Soulmate Dance discusses whether There Are No Soulmates

There Are No Soulmates

Anne Wade Marriage, Dating, and Relationship Building 0 Comments

Soulmate Dance discusses whether There Are No SoulmatesReader Question: Would you please comment on this article - The First Lesson of Marriage 101: There Are No Soulmates.

This is an excellent article! Thank you so much for bringing it to our attention. Though the article is specifically about the Marriage 101 course offered at Northwestern University, it is also a thoughtful look at what really makes for happy healthy relationships, where and how we’ve been led astray, and what we can do to get ourselves on course to experience the satisfying love we crave. In other words, the basic and essential building blocks of real love.

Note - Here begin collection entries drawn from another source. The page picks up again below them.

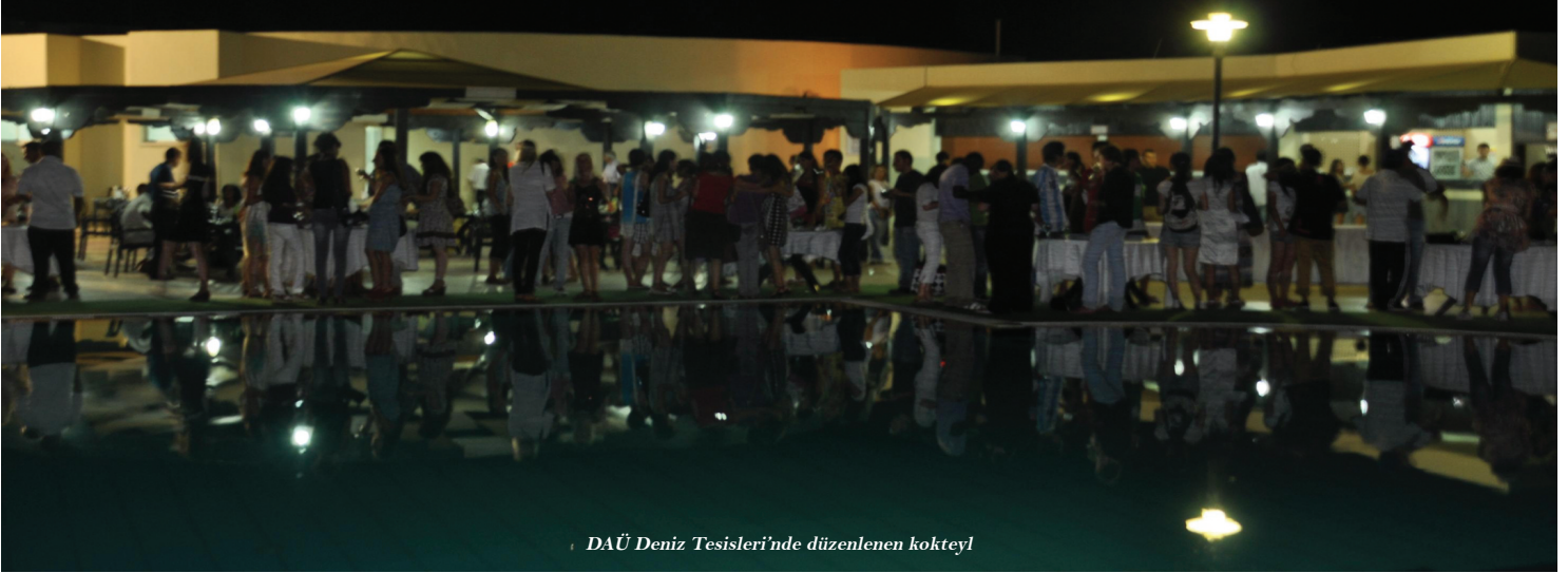
DAÜ Deniz Tesisleri'nde düzenlenen kokteyl

Söz konusu proje kapsamında ülkemize gelen yabancı öğrenciler KKTC Dışişleri
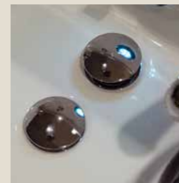
Doppio scarico per acqua e olio Double drain for water and oil
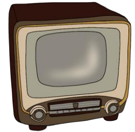
▲ 昔のカラーテレビ
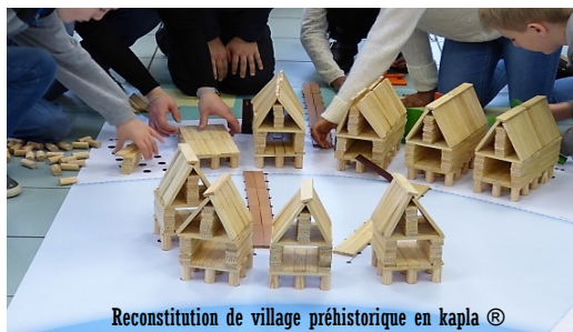
Reconstitution de village préhistorique en kapla®

Nous vous attendons, pour ce moment convivial, de 14 h 00 à 16 h 00.

Check out the article The First Lesson of Marriage101: There Are No Soulmates

Let’s start with the title, “There Are No Soulmates.” If you are regular listener to the show or reader of the blog, you already know I firmly believe we are all soulmates and that many opportunities come our way for romantic love. You’ve also heard me say that we don’t find a soulmate, we become one. That’s crucial. I love that the writer uses this semi-shocking eye-catching title to say the same thing.

The designers of the Marriage 101 course hold similar beliefs with my own. As Alexandra Solomon, the professor and family therapist who teaches the course, points out, pop culture has convinced us of two self-defeating myths:

  • The first is that finding love is mainly a matter of luck, of meeting the right person, and that there is a right person for everyone if you can only find him or her.
  • The second is that once we meet that right person, everything will fall into place magically, effortlessly, intuitively.

Most of us have a vague idea of how we want to be loved, but typically have no clue how others like to be loved or even that they may want to be shown love in ways that are entirely different from our own preferences. Again, pop culture has led us to believe that when we do finally meet the right person, we’ll be so in sync that learning how to love each other will come naturally with little or no thought or effort.

That rarely happens. Truth is, learning how to love is seldom purely instinctual.

Marriage 101 wisely begins with blasting these common cultural myths, then building back starting with a firm foundation of genuine understanding. Let’s take a look at a few of the core lessons:

Self-Understanding Is the First Step to Having a Good Relationship

Solomon states, “The foundation of our course is based on correcting a misconception: that to make a marriage work, you have to find the right person. The fact is, you have to be the right person.”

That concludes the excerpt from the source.